Ear training is essential to musicianship, but we often take a microscopic view of what ear training really means - emphasizing solfege and pitch matching. In the world of improvisation, ear training moves off-the-page – asking students to recreate sounds they hear on a daily basis. Perhaps younger children recreate the sounds of a duck or a cow or the difference between a happy mother's voice and an angry one. As they mature, you may request them to listen to the sounds outside and play what they hear - be it the maintenance crew's lawn mower or the leaves in the tree, raindrops on a roof or the laughing children in the hallway.
Not only are these exercises fun and playful, they also help children to feel musical expression from the inside first, rather than working from the outside-in, as is often the case with sheet music.
Shy students or students who strive constantly for "perfection" find it difficult to step out on a limb on their own. Just as chamber practice and performance provides "safety in numbers," improvising in groups cultivates a more fun, collaborative and inspired experience – particularly if you allow groups to compose a song over the course of a quarter, semester or year.
This idea gives students a chance to work with a musical piece that inspires them. They can select any piece of music they love, and then work to recreate favorite solos by ear.
Since improvising requires an ear – a sense of where the music has been and where it is going – playing along with a new piece of music is a great way to improvise.
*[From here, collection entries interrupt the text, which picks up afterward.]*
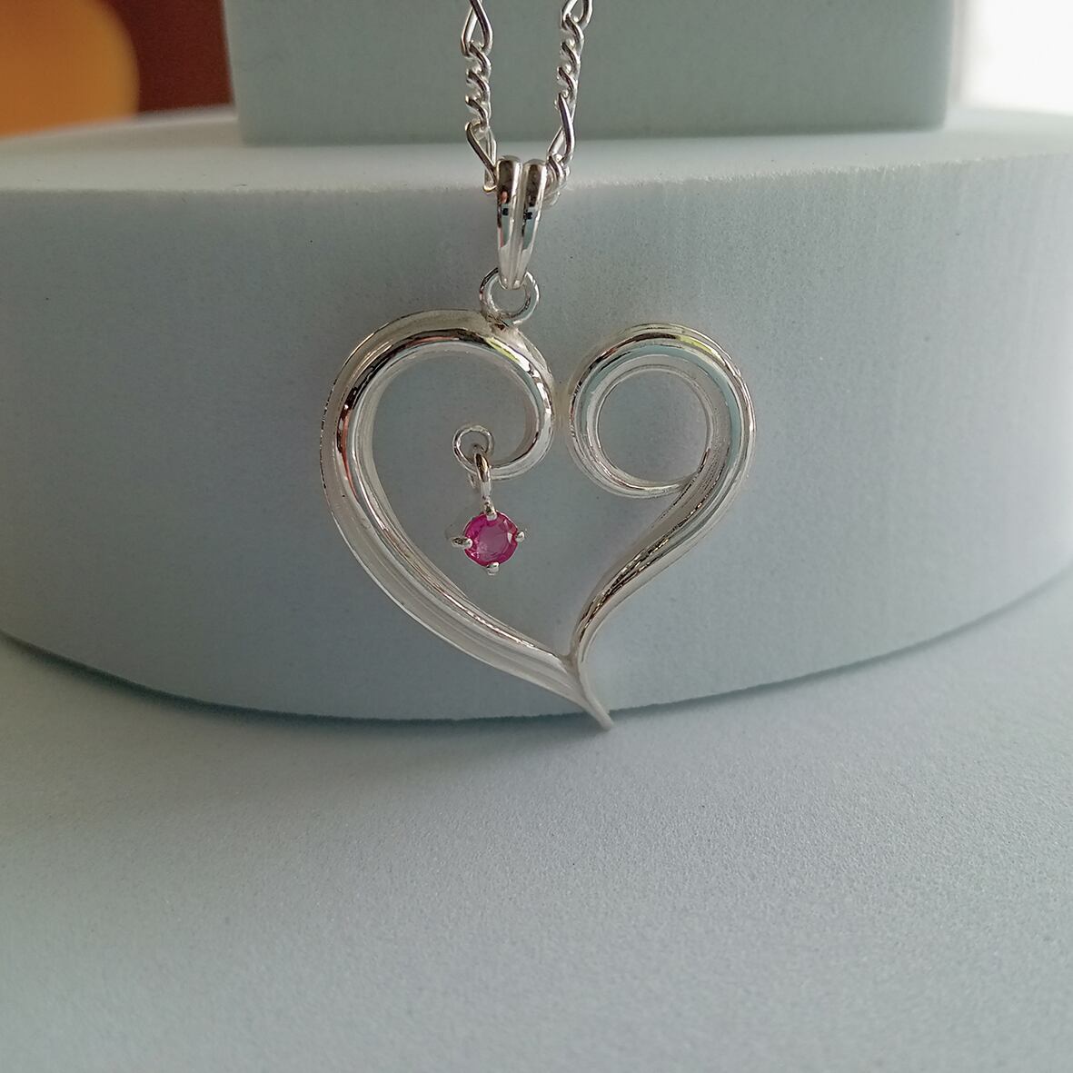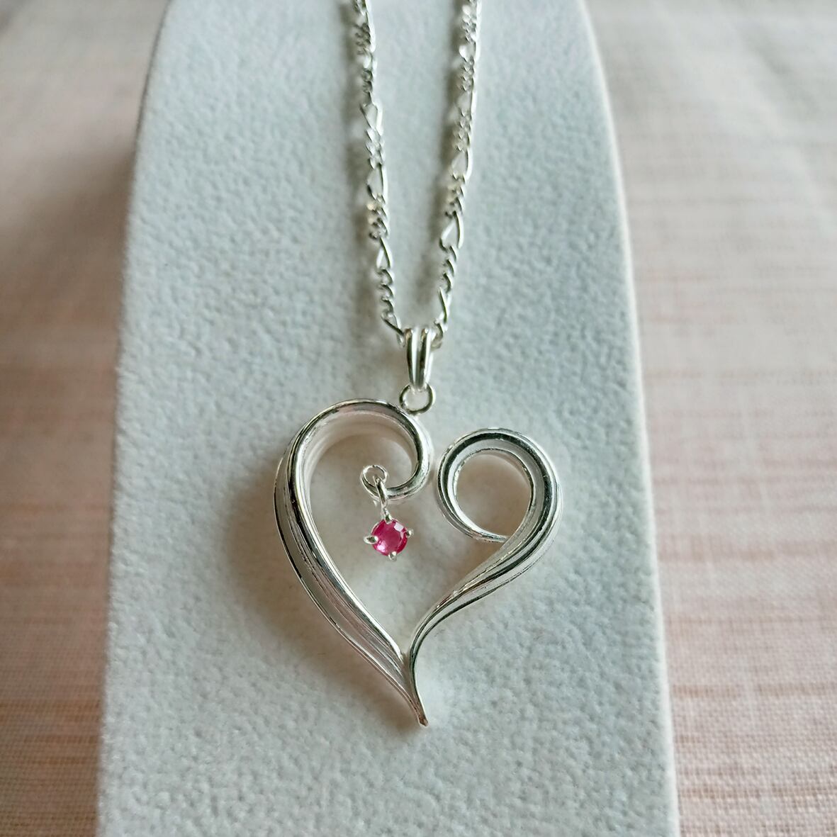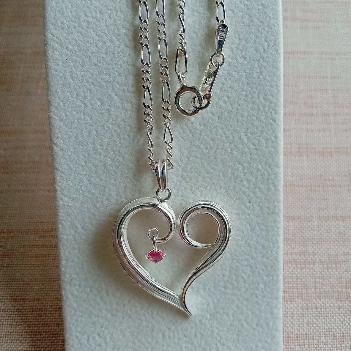 蜜ろうのハートの曲線 とパープルサファイア silver925 ペンダント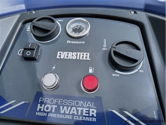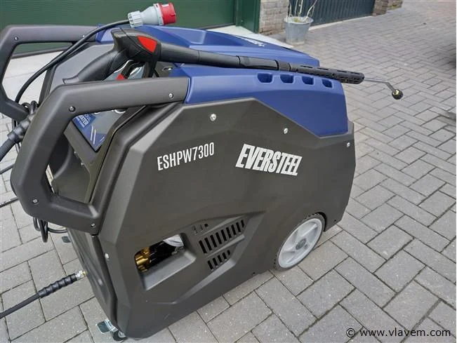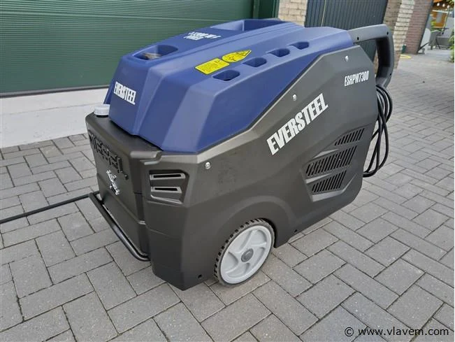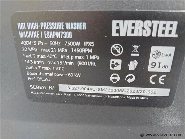 Diesel hogedruk stoomreiniger professioneel, incl. 10 meter hogedrukslang en spuitlans, vloeistof aanzuiging voor reinigingsproducten, waterfilter, dieseltank voor verwarming 10 liter inhoud, 2 zwenkwielen en 2x vaste wielen, 5 polig 16 Amp industriestekker 380 volt, 7300 watt, 69 KW verwarming vermogen. tot 110 graden. nieuw in krat
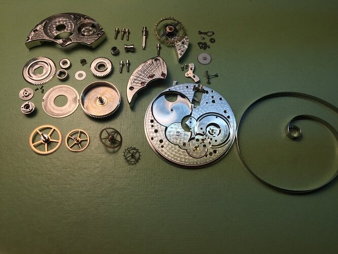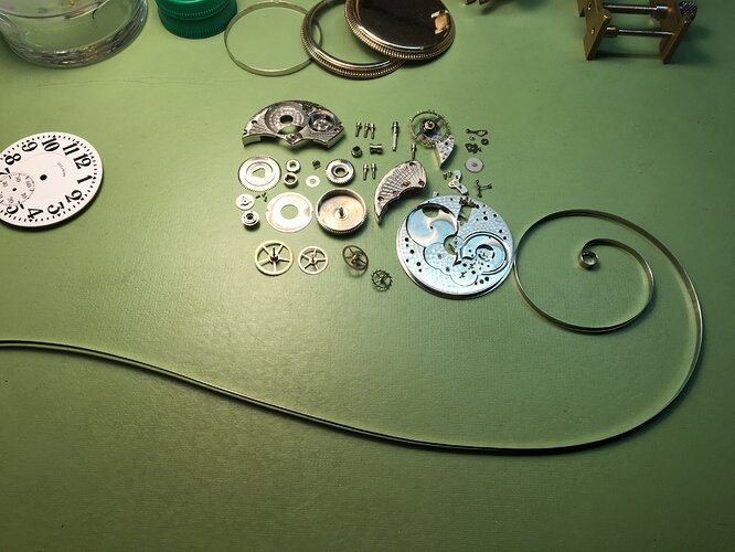 Alle onderdelen klaar voor montage, wat opvalt is hoe groot en lang de veer is, deze gigantisch in vergelijking met een andere veer voor een dergelijk formaat zakhorloge.

This version of improvisation may also feel safer for students who are reticent to improvise alone for fear of making mistakes.
Playing along with a recorded piece allows students to improvise simultaneously as a class (bonus for instructors tight on time). Everyone can improvise how they want - matching a melody line or creating a new harmony - all of which broaden a musician's skill set.
Choose a particular key - the key of E or C# - and have students create a small composition or melody line within that key. This is a wonderful way to hone students' awareness of specific pitches and keys as they expand their knowledge. You can use this idea when a piece of current music is set in a particular key in order to build muscle and ear memory.
Improvisation makes music practice fun, and simultaneously creates more proficient and well-rounded musicians.